Why Do I Write
Writing I guess came kind of naturally to me starting at an early age. Maybe at about six or seven was when I was penning short stories and screenplays—all either adventure or horror; some of them crime stories. As long as the subject I wrote about kept me interested and held my attention, otherwise I’d lose steam and abandon it.
Doesn’t mean that I always did this. Some projects I noodled with way longer than I should’ve, and there have been some that should’ve been worked on more—the former being the case a lot more frequently than the latter.
The spontaneity of creating before it gets dilluted by too much thought is the juice to me. It’s what makes it satisfying and it took decades for me to really understand it. I’ve read of Taoist painters and calligraphers that, after a period of meditation, create works where nothing is considered a “mistake” when it’s completed. The idea being that in nature there are no mistakes.
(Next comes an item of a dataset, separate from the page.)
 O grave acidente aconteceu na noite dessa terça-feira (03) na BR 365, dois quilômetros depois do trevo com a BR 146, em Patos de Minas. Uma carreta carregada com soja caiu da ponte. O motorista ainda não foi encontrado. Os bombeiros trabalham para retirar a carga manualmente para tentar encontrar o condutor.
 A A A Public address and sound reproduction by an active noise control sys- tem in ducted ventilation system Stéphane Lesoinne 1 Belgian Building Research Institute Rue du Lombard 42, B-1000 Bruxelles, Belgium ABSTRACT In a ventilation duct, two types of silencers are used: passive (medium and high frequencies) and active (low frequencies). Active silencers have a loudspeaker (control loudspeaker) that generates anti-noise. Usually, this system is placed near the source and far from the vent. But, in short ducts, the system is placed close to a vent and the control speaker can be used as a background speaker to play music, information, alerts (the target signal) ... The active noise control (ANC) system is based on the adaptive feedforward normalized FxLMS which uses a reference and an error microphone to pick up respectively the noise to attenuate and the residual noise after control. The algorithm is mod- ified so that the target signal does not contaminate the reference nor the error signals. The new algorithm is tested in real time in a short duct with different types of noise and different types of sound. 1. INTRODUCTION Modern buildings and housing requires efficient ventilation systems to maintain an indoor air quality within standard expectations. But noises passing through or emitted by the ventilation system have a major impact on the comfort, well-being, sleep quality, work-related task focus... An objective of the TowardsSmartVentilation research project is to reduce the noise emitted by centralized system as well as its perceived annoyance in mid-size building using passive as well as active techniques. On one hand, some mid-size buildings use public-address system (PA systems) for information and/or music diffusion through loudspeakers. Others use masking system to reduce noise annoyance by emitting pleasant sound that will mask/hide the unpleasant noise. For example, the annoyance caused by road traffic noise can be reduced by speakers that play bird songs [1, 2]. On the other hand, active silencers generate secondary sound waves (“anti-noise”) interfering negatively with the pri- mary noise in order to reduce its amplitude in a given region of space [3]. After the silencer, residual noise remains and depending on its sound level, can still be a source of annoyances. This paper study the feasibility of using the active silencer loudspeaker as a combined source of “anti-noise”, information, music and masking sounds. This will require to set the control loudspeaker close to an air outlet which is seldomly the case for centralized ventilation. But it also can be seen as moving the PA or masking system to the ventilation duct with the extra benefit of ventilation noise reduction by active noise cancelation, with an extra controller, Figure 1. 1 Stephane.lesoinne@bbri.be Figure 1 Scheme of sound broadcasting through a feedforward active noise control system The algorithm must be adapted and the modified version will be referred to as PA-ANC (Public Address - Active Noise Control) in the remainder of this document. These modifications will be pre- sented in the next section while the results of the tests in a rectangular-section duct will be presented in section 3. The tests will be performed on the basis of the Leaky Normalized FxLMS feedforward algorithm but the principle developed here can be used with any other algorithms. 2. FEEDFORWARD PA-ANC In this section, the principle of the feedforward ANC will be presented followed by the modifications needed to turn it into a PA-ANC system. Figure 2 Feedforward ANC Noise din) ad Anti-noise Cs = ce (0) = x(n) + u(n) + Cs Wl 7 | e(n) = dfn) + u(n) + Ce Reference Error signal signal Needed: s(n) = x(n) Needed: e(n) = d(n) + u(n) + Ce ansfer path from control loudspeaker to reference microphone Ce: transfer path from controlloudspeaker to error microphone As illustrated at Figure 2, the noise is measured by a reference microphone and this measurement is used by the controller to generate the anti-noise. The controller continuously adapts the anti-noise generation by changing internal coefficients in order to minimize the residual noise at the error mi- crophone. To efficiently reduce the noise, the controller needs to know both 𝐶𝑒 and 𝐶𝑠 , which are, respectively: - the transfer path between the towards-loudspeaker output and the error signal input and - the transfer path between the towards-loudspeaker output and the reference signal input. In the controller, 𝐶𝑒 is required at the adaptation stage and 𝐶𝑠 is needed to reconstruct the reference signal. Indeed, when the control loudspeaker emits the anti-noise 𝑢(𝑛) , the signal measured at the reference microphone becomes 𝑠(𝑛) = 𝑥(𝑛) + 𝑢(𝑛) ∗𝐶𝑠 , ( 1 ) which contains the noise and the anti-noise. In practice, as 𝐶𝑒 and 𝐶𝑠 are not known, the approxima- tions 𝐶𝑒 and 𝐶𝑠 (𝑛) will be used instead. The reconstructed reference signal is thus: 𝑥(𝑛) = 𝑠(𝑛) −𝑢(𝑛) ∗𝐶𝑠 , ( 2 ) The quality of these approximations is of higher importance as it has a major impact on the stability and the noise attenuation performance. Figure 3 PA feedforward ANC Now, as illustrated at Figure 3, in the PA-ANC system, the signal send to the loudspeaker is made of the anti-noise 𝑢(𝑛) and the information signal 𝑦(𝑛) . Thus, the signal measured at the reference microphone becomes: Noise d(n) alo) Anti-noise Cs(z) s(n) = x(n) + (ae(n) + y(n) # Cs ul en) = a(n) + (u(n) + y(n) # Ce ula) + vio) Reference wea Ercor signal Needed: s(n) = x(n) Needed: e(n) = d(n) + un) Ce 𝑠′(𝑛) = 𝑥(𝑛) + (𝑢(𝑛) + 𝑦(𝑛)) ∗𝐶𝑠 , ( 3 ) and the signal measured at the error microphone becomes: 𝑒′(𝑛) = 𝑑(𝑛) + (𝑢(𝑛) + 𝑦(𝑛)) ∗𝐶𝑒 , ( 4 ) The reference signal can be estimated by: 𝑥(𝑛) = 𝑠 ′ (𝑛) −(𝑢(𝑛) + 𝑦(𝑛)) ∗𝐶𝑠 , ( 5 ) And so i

For me, I always struggled with how to write. How to use my own voice.
When I was a reporter for Bay Area News Group in the early 2000s I was once chastised by a senior editor for writing above people’s heads.
“You need to write at a third grade reading level,” he sternly said with a twist of annoyance beneath the words—and being a 21-year-old who thought he knew everything, my initial reaction was that he was an asshole and people not being able to read my shit was their problem. Afterall, I was a writer. I was also arrogant. While my mentality at the time might’ve invited some respect from true believers who would see it as “passion” for the craft, the method itself wasn’t going to sell a lot of newspapers. Putting myself above them, I found that it alienated people too.
So decades would inevitably tick by; my audience—my readers—were ever the elusive and I was working myself into a void. A wasteland bereft of readership, of interest of any kind. It was like talking to the dark. So I gave it up.
Call it burn out. That would be the simplest description for sure, but I mean there was a lot more to it. Overall the fact that whatever I wrote didn’t want to be read by anyone made me not want to do it. Period. End of story. For some the outlet is enough; for me I always loved the audience, the reader responses. I just wasn’t very good at collaborating. And I was left with that burning question as to why no one wanted to read my work.
What I came up with was writing should be conversational, while staying away from an over-reliance on slang, which will date your work. It helps that your prose hues close to the way that you speak, which my writing had not been.
Having been a fan of Edgar Allen Poe and James Agee, I loved their poetic prose, the lyrical nature of it; I loved the music their sentences made—even when I couldn’t figure out what the fuck they were talking about.
And I tried to emulate it, to varying degrees of success. The “problem” is I am not either of those writers nor do I live in the 1860s and 1950s. Another one of my favorite writers is Stephen King.
One of the most liberating things about his writing is the conversational quality to it—and how funny he is, especially with his descriptions—quite the accomplishment given the sick shit he writes about a lot of the time.
It was refreshing, reinvigorating; the horror meister gave me permission to write like I talk, that that was ok, and it made things feel more genuine and easy, because it’s me being myself. I’m not sure if I’ve achieved it. Hopefully so. I can’t tell you if more people will read my work. But it is that connection—that synchronistic quality that writing has a way of producing when it’s given license to enter the theater of a reader’s mind, that private place the engine of imagination projects pictures with your words—that I hope rings through too. And that I don’t alienate people. At the end of the day, conversational is relatable. And it’s something we can all be a part of.
So why do you write, dear reader? What compels you? Or why do you not write?